This photo of one of Hillary Clinton's unguarded moments reveals a lot about the woman and, possibly, the present status of the campaign of "She Who Would Be King," a gem of a phrase I found at Leatherneck M13, who stated the following:
Hillary's campaign seems to have made a crucial error in primary politics... running "nationally" and relying on national polls and the ridiculous, televised "debates" instead of pressing the flesh, eating rubber chicken and speaking anywhere 10 or more people are gathered. Instead, she assumed as the early front-runner... she didn't have to actually run.

That... and her campaign didn't see Obama coming.

I think I can smell panic in her just-announced, state-wide blitz in a "Hill-a-copter". That's sillier than her "Hil-raisers" which frequently turn out to be Chinese scam artists headed for prison. This is not the sound of a tight, professional campaign, it's more like she's running for student body president.

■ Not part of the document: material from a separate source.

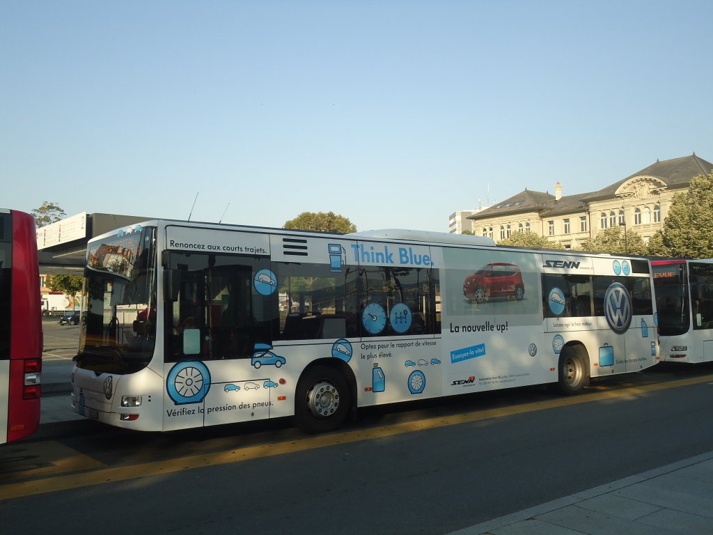 Stadtbus Winterthur Nr. 175 (Solaris Trollino 18) am 28.7.2012 beim Stadthaus als Linie 3 zum Rosenberg, dies im Zuge der Bauarbeiten am Bahnhofplatz.

In addition to glares fit to chill the blood, Hillary Clinton has another way of revealing herself —that derisive laugh of hers. In "C'mon, Get Happy," an article which appeared in the December 14, 2007 edition of the Washington Post, Dana Milbank states the following in reference to the final Presidential debate before the Iowa caucuses:
[The other Democratic Party candidates] giggled like teenagers when Clinton said that "we do need a farm bill, and Tom Harkin's been working like a Trojan to get done." And they sensed a major story when Clinton interrupted one of Obama's answers with a burst of laughter. When Obama was asked how he would "rely on" so many of former president Bill Clinton's advisers, his wife cackled, then blurted out, "I want to hear that!"

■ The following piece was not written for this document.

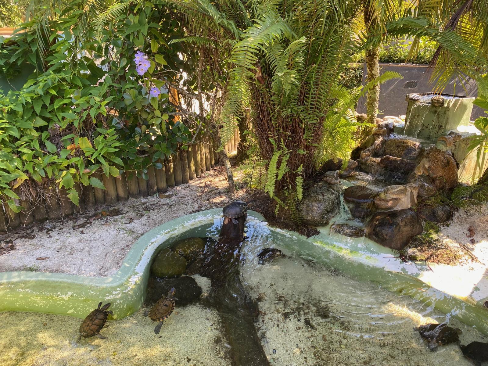 Mivel külső szemmel többségük egészségesnek tűnik, őket először szkeptikusan, sajnálkozva néztük azt gondolva, hogy csak a látogatók, potenciális támogatók miatt élnek így, és hát egy medencében élni az óceán után olyan lehet, mint egy embernek börtönbe kerülni. Aztán mellénk szegődött a szervezet egyik dolgozója, egy fiatal tengerbiológus lány, aki a különféle szárazföldi és tengeri teknősök között vezetve mindegyik fajról mondott valami érdekességet, egyes példányokra rámutatva pedig azt is megindokolta, miért tartják őket a látogatóközpontban, medencékbe „zárva”.

"Well, Hillary, I'm looking forward to you advising me as well," Obama replied, and Clinton laughed again.

The cackle was the talk of the spin room after the debate....

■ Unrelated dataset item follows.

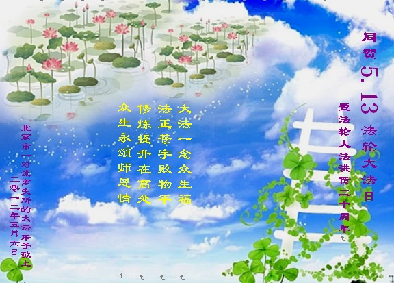 大法一念众生福 法正苍宇败物平 修炼提升在高处 众生永颂师恩情 北京市一对流离失所的大法弟子敬上 二零一二年五月六日 河北省石家庄大法弟子庆祝513法轮大法日,祝伟大的师尊生日快乐!

The woman's laugh puts me in mind of the Three Witches' Chorus in Shakespeare's Macbeth:
Double, double toil and trouble;
Fire burn, and caldron bubble.
Attention, casting directors! If Hillary loses her front-runner status in Iowa, maybe you can audition her for a witch's part in Macbeth. What a casting coup that would be! She's sure to pack 'em in for the entire run of your theatre's version of Macbeth. Who knows? Maybe you can find a role for Bill, too!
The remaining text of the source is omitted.